Active Directory Federation Services (AD FS) - Legacy Authentication Methods - Foundation 23.1 - Foundation 23.1 - Ready - OnBase - Essential - Premier - Standard - external - Essential - Premier - Standard

Legacy Authentication Methods

Platform
OnBase
Product
Legacy Authentication Methods
Release
Foundation 23.1
License
Essential
Premier
Standard

The following information is specific to configuring Active Directory Federation Services (AD FS).

General Considerations

When the OnBase Web and Application Servers are upgraded, the web.config files of the servers are replaced, which means the previously configured AD FS instance is removed.

Before upgrading, the web.config files of the servers should be backed up. The AD FS configuration information can be copied from the backup of the previous versions of the web.config files into the upgraded versions. In most cases, additional reconfiguration is not required as long as the certificates did not change.

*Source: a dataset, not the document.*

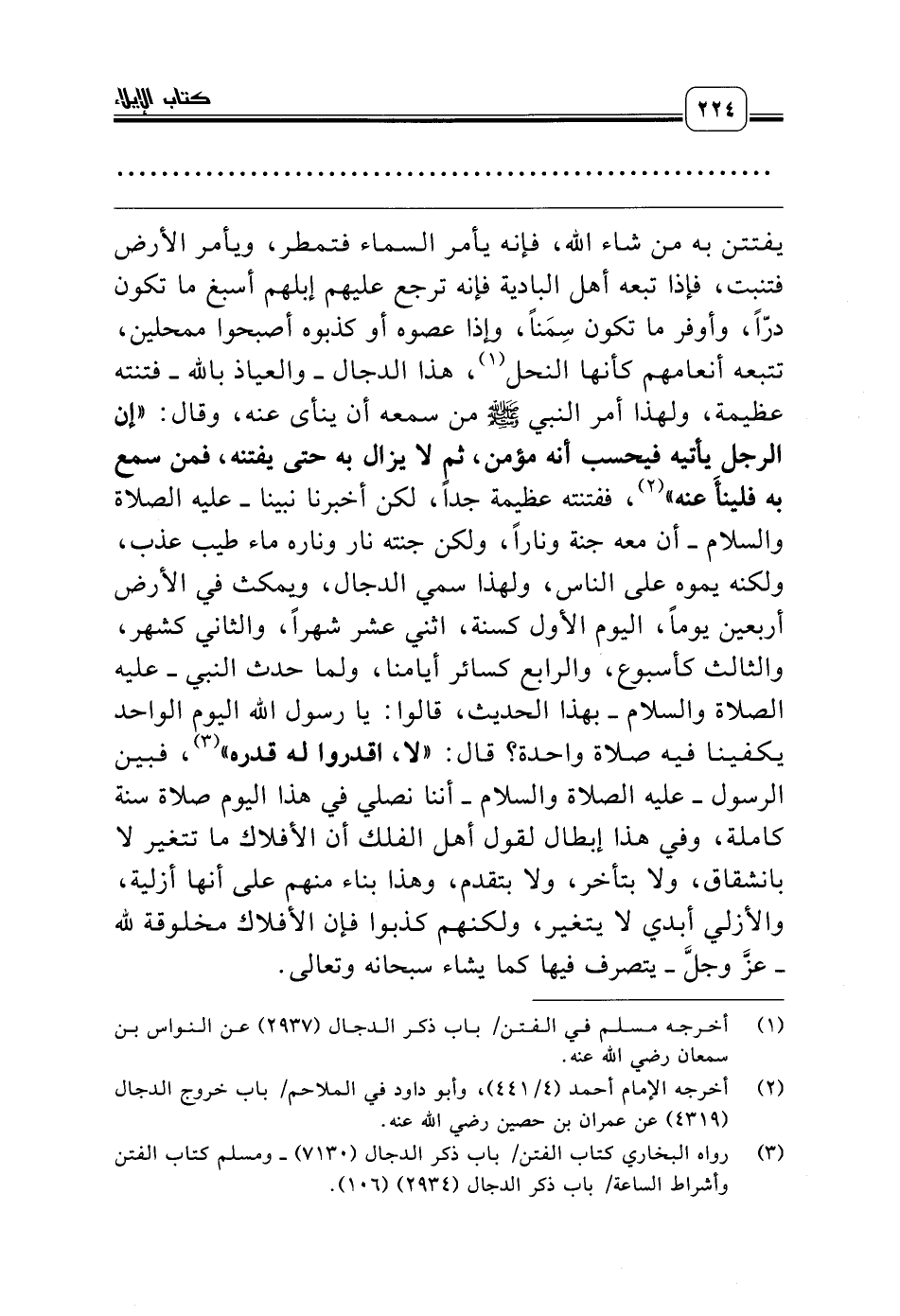 (¬3) رواه البخاري كتاب الفتن/ باب ذكر الدجال (7130) ـ ومسلم كتاب الفتن وأشراط الساعة/ باب ذكر الدجال (2934) (106).

The following items should also be noted when configuring AD FS:

  • The default website name in the web.config files is case sensitive and must match exactly in all places it is configured.

  • The OnBase Application Server requires signing certificates for both AD FS and the Web application.

  • The AD FS Server requires signing certificates for both the AD FS Server and the Web application.

  • The account running the AD FS service on the AD FS server, and the account running the application pools on the OnBase Web and Application Servers, need read access to the private key of the SSL certificate.